INSIDE MAN by Spike Lee
Dalton Russel (Clive Owen) tells the audience he has the perfect plan to rob a bank, and it seems he is right – masked as painters, he and his accomplices go into a Manhattan bank, take the customers and clerks as hostages and start negotiations with police negotiator Keith Frazier (Denzel Washington). Russel has everything under control, and it takes some time until Frazier realizes this is not a normal bank robbery. Mysterious Madeline White’s (Jodie Foster) intervention, authorized by the mayor, doesn’t help but just increases Frazier’s confusion.
Why does the obviously highly intelligent Russel demand an airplane for his escape when he must know he will never get one? What does Madeline White know that Frazier doesn’t know? And why are the robbers digging a hole in the ground of a storage room? And if this is a bank robbery, who are the robbers and why isn’t any money missing?
Thanks to Spike Lee for giving Clive Owen a part in a movie that does not suck! Masked for the most part of the film, Clive is convincing and a pleasure to watch as the cold and smart mastermind of a masterfully planned heist. Denzel Washington is Denzel Washington – reliable, but not shining in the only role that’s characterized and not a cliché. Jodie Foster is not a victim in INSIDE MAN for a change, and she obviously enjoys it, even if her character is in fact superfluous for the plot.
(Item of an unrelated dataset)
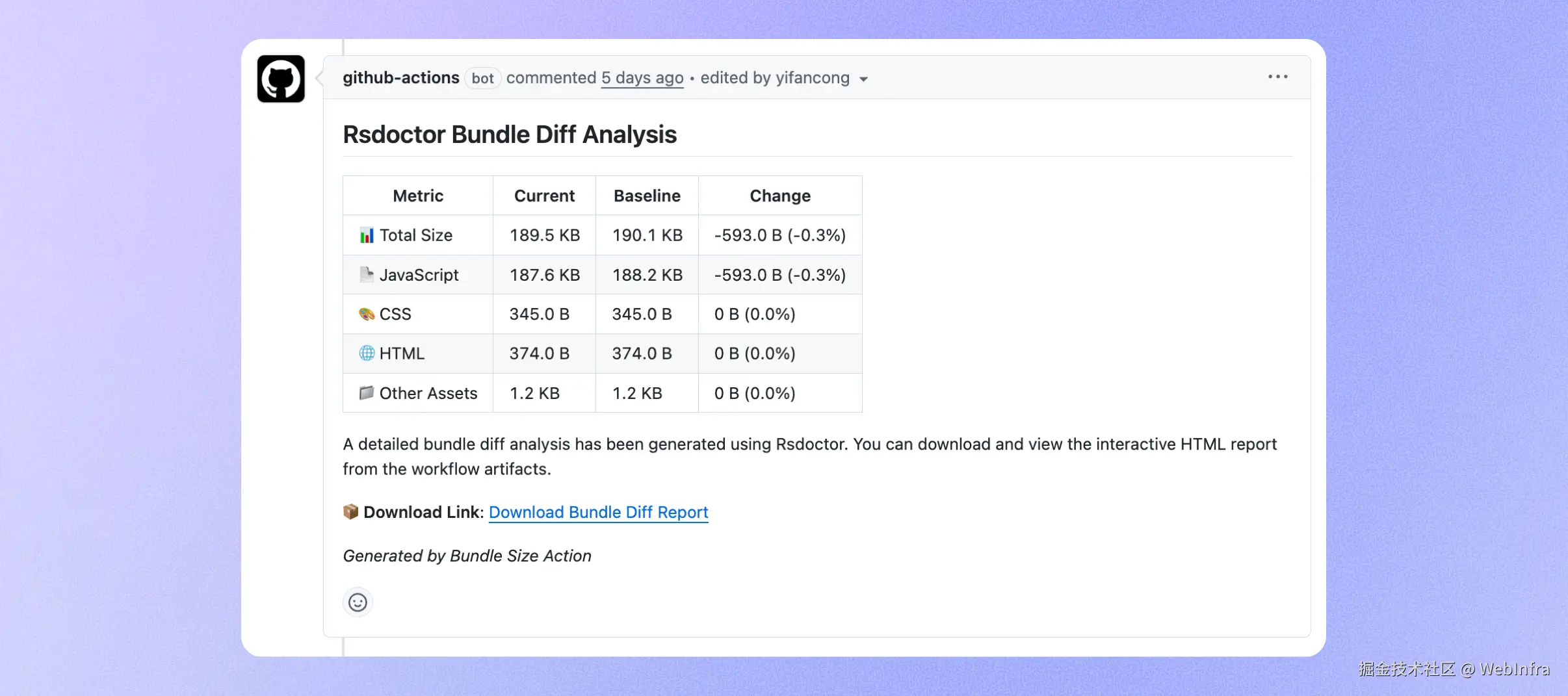 Rsdoctor 现在提供了 GitHub bundle diff action,可以在 CI 阶段自动检测和对比构建产物的体积变化,帮助团队及时发现并预防包体积劣化。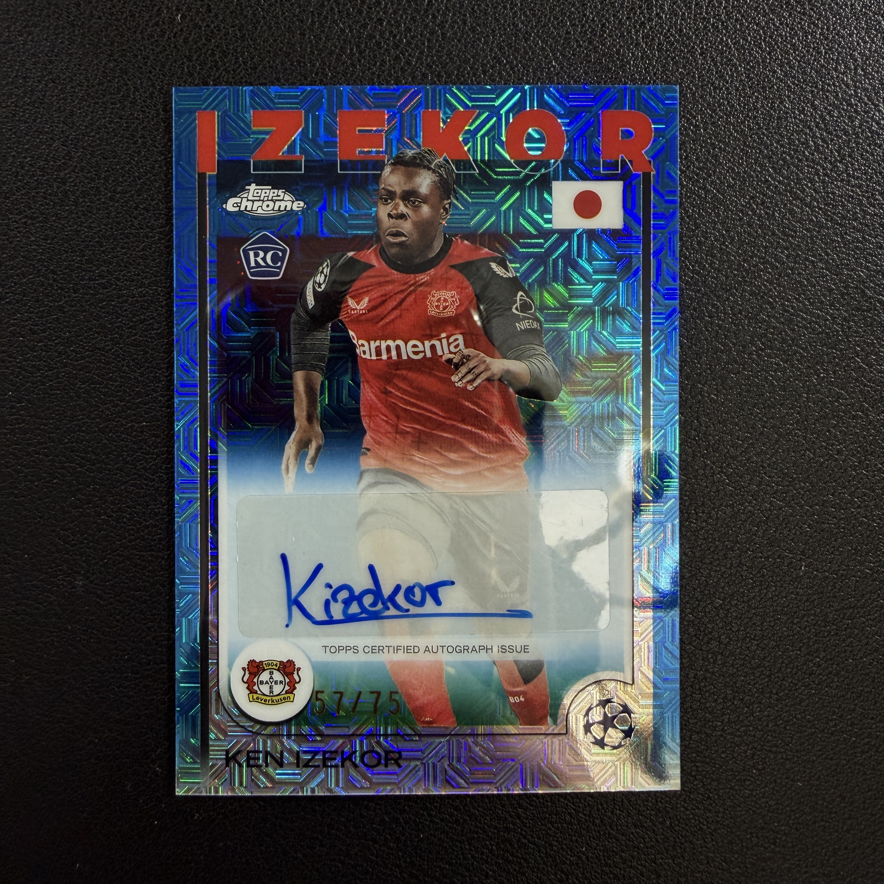 2024-25 Topps Chrome Ken Izekor RC 伊泽科尔 伊泽克尔 伊泽科 勒沃库森 新秀 欧冠 TC 日版 签字 75编 蓝迷宫折 折射 瑕疵如图 白鹿

The setup is great – it’s another heist movie, but that’s OK because we have a convincing bad guy and we want to know more about the ‘perfect’ plan. Good camera-work (Matthew Libatique), acting, and a neat use of flash-forwards keeps us interested, but – such is life – we want more, we want the tension to rise and we want a climactic ending!
Unfortunately, we are let down – there is no ‘grand finale’, and what we get is neither convincing nor satisfying. It’s not Spike Lee’s nor the actors’ fault, it’s first-time screenwriter Russell Gewirtz’ script that’s just not as well-planned as Dalton Russel’s heist.